Энтони Хоуп
Царственный пленник

I НЕСКОЛЬКО СЛОВ О РАССЕНДИЛЯХ И ЭЛЬФБЕРГАХ

– Я все думаю, когда же вы, наконец, решитесь заняться чем-нибудь, Рудольф? – проговорила жена моего брата.

– Дорогая Роза, – отвечал я, кладя на стол ложку, – зачем мне надо непременно заниматься чем-нибудь? Мое положение и так приятно. Моих доходов почти хватает на мои запросы (ничьих доходов никогда не хватает, как известно). Я пользуюсь определенным общественным положением, я – брат лорда Берлесдона и деверь милейшей особы, его жены.

Этого довольно!

– Вам двадцать девять лет, – заметила она, – и вы ничем не занимались, только…

– Шатался по свету? Правда. В нашей семье можно ничем не заниматься.

Последнее мое замечание было неприятно Розе, так как всякий знает (а поэтому можно напомнить об этом), что хотя она и хорошенькая и воспитанная женщина, но ее фамилия далеко не может равняться с фамилией Рассендилей. Кроме своих достоинств, она обладала большим состоянием, и мой брат Роберт имел достаточно мудрости, чтобы не придавать значения ее предкам. Что же касается предков, то следующее замечание Розы не лишено истины.

– Знатные роды часто хуже прочих! – сказала она.

После этого я погладил свои волосы: я хорошо знал, на что она намекала.

– Я так рада, что у Роберта волосы черные! – вскричала она.

В эту минуту вошел Роберт (он встает в семь часов и работает до завтрака). Он взглянул на свою жену, щеки которой разгорелись, и он ласково потрепал их.

– Что случилось, дорогая? – спросил он.

– Она недовольна моим бездельем и моими рыжими волосами! – сказал я обиженным тоном.

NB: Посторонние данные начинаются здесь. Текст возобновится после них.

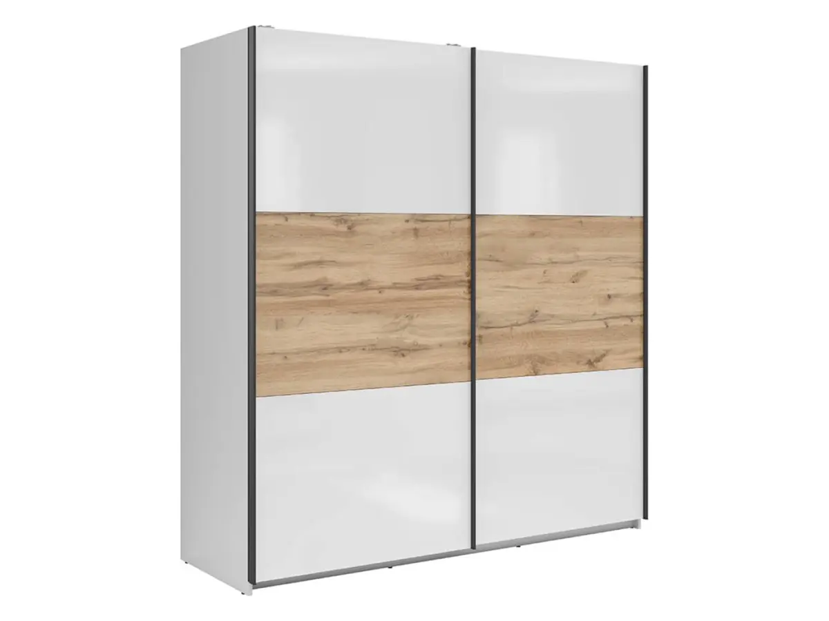 Armario de puertas correderas Tetrix 183 cm blanco brillo/roble wotan

– Конечно, он не виноват в цвете своих волос! – снизошла Роза.

– Они иногда проявляют себя через несколько поколений, – сказал мой брат. – Тоже и нос. У Рудольфа и то, и другое сразу!…

– Я бы хотела, чтоб они не проявлялись! – продолжала Роза, все еще горячась.

– А мне они скорее нравятся, – заметил я, и, поклонился портрету графини Амалии.

У невестки вырвалось от нетерпения:

– Я бы желала, чтобы вынесли эту картину, Роберт! – сказала она мужу.

– Милая Роза! – воскликнул он.

– Небеса! – прибавил я.

– Тогда обо всем этом скорей бы забыли! – продолжала она.

– Едва ли! – глядя на меня, сказал Роберт и покачал головой.

– Но зачем же забывать об этом? – спросил я.

– Рудольф! – вскричала невестка, очень мило краснея.

Я рассмеялся и принялся снова есть яйцо. По крайней мере я отделался от вопроса, чем я должен заниматься. Для того, чтобы закончить спор и чтобы еще немного посердить свою строгую маленькую невестку, я прибавил:

– А мне даже нравится быть Эльфбергом!

Когда я обычно читаю книгу, то всегда пропускаю объяснения, но, начав сам писать, вижу, что должен разъяснить, почему моя невестка недовольна моим носом и волосами и почему я осмелился назвать себя Эльфбергом. Какой бы ни была знатная фамилия Рассендили в течение долгих лет, но никакая знатность не дает ей право на родство со знаменитой фамилией Эльфбергов или на принадлежность к этому королевскому дому. Какая может быть связь между дворцом в Стрельзау или Зендовским замком и домом №305 в Парк-Лэйне?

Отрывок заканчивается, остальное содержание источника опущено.